Just this week, I heard about someone being discharged from Asante Ashland Community Hospital. Their friend wanted to be sure they knew what to keep in mind, in order to stay out of the hospital in the near future. It’s good to have this information. The newer Medicare rules state that if you return to the hospital within 30 days for the same medical condition, it’s possible that Medicare will not pay for this second hospital stay. With so many changes to Medicare, it’s really important to know how to maximize your chances of not being readmitted.

In 2011, The National Transitions of Care Coalition put together an evidence-based report of seven key elements, based on transition intervention research. I’ve summarized them here for you. The person you can rely on for this guidance and support before leaving Asante Ashland Community Hospital is the discharge planning nurse, currently Athera DeAngeles.

Here then are the seven tasks to keep in mind when going home:

Task 1: Medication Management: You’ll want to come up with a method to ensure the safe use of medications, based on the person’s care needs. Someone has to be monitoring this accurately. This might be a good reason to call one of the caregiving agencies that can provide this service.

Task 2: Transition Planning: This is a process that facilitates the safe transition from one care setting to another, or from one practitioner to another. Basically this means planning for what you might need in order to go safely from hospital to home, or to another care facility, as well as any follow up with a physician besides your usual provider.

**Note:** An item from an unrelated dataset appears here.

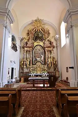 Der Hochaltar mit konkaver Wand und einem Gebälk über zwei Säulen hat einen reich gegliederten Aufbau mit Engeln und dem Auge Gottes und zeigt das Altarbild Mariä Himmelfahrt des Malers Stephan Schaller (1757), das Aufsatzbild Hl. Georg, und trägt die Figuren Stephan und Ladislaus, Benedikt und Bernhard. Der Tabernakel ist aufwendig im Stil des Rokoko gestaltet.

Task 3: Patient and Family Engagement/Education: This hopefully means a family meeting in the hospital. You would be amazed at how often this does not happen. Once someone is out of the hospital, it’s difficult to get a plan in place without good medical information. Knowing who is going to do what task is vital. How does family living in the Bay Area stay involved, for instance?

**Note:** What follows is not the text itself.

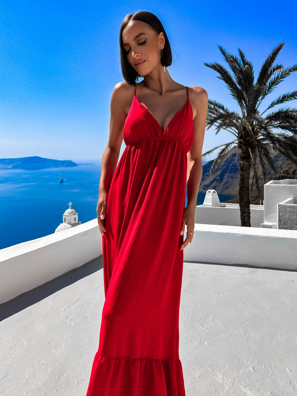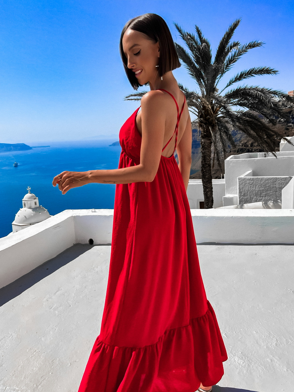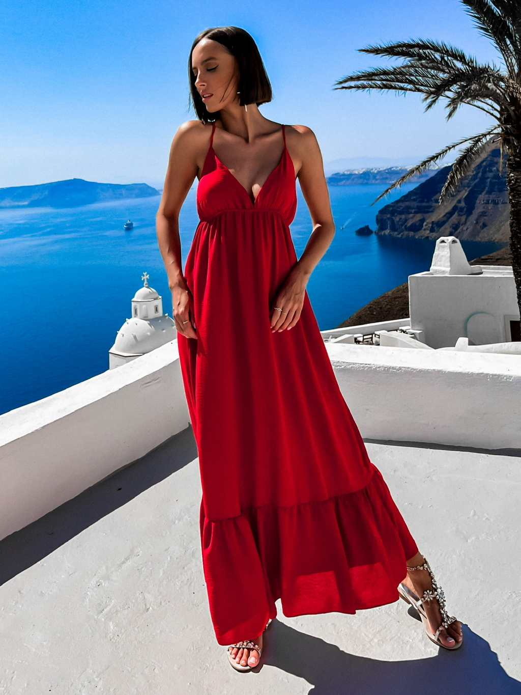 Červené dlouhé šaty LEAFI s volánem

Task 4: Information Transfer: Sharing of important care information among family, caregiver, and health care providers in a timely and effective manner is so important. This is where you often see all the cracks in the system. Do not assume that one doctor knows what another one has ordered or what the treatment plan might be.

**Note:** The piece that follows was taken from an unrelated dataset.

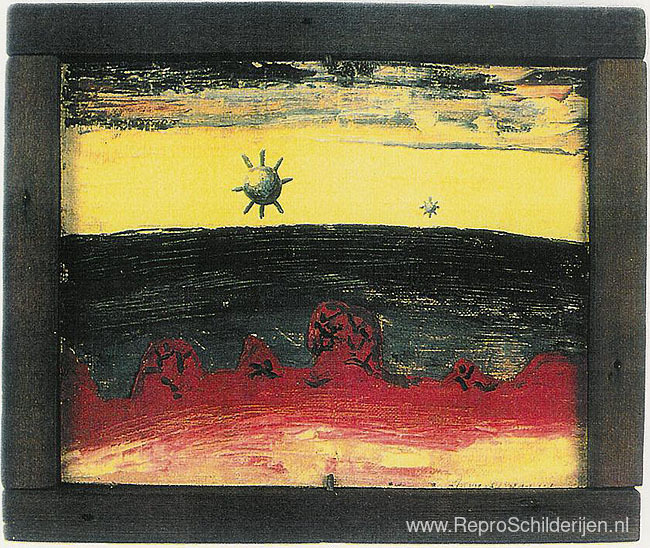 Wij bieden u een ambachtelijke reproductie op doek van het beroemde schilderij 'Profetie' van Forrest Bess, afkomstig uit het Reproductiemuseum.

Task 5: Follow–Up Care: This covers facilitating the safe transition from one care setting or care provider to another through effective follow-up activities. This is not the same as planning for the transition — it’s making sure that it was the right fit afterwards and that all is in place. If adjustments need to happen, who is in charge of this?

Task 6: Health Care Provider Engagement: I cannot tell you how many times it seems that the medical providers are out of the loop and it’s hard to get them involved. Here is where you need someone to connect the dots with and between providers — and be a strong advocate.

Task 7: Shared Accountability across Providers and Organizations: The transition process has to include accountability for the person between the healthcare provider (like the hospital) and the one receiving them (like skilled nursing). To me this means no one gets to pass the buck and each organization has a part to play. No provider or organization can just drop the ball or point a finger at the other.

Most people can’t wait to get out of the hospital. Not everyone can safely go back to their usual home after hospitalization though, even with in-home caregivers. Many people do need to be in rehabilitation or skilled nursing. Another option is to be discharged to an adult foster care home. These facilities will make sure that each of these seven tasks are fully addressed. They have an excellent track record of keeping their residents out of the hospital as much as possible. A professional care manager can also coordinate this transition on your behalf. All the discharge planners at the hospitals know about and utilize these options as well.

Hopefully, you will not face this situation, but knowing how the system works can help you prepare ahead of time. Staying out of the hospital is a worthy goal. But if you are hospitalized, knowing how to improve your odds of not being re-admitted can be a huge relief.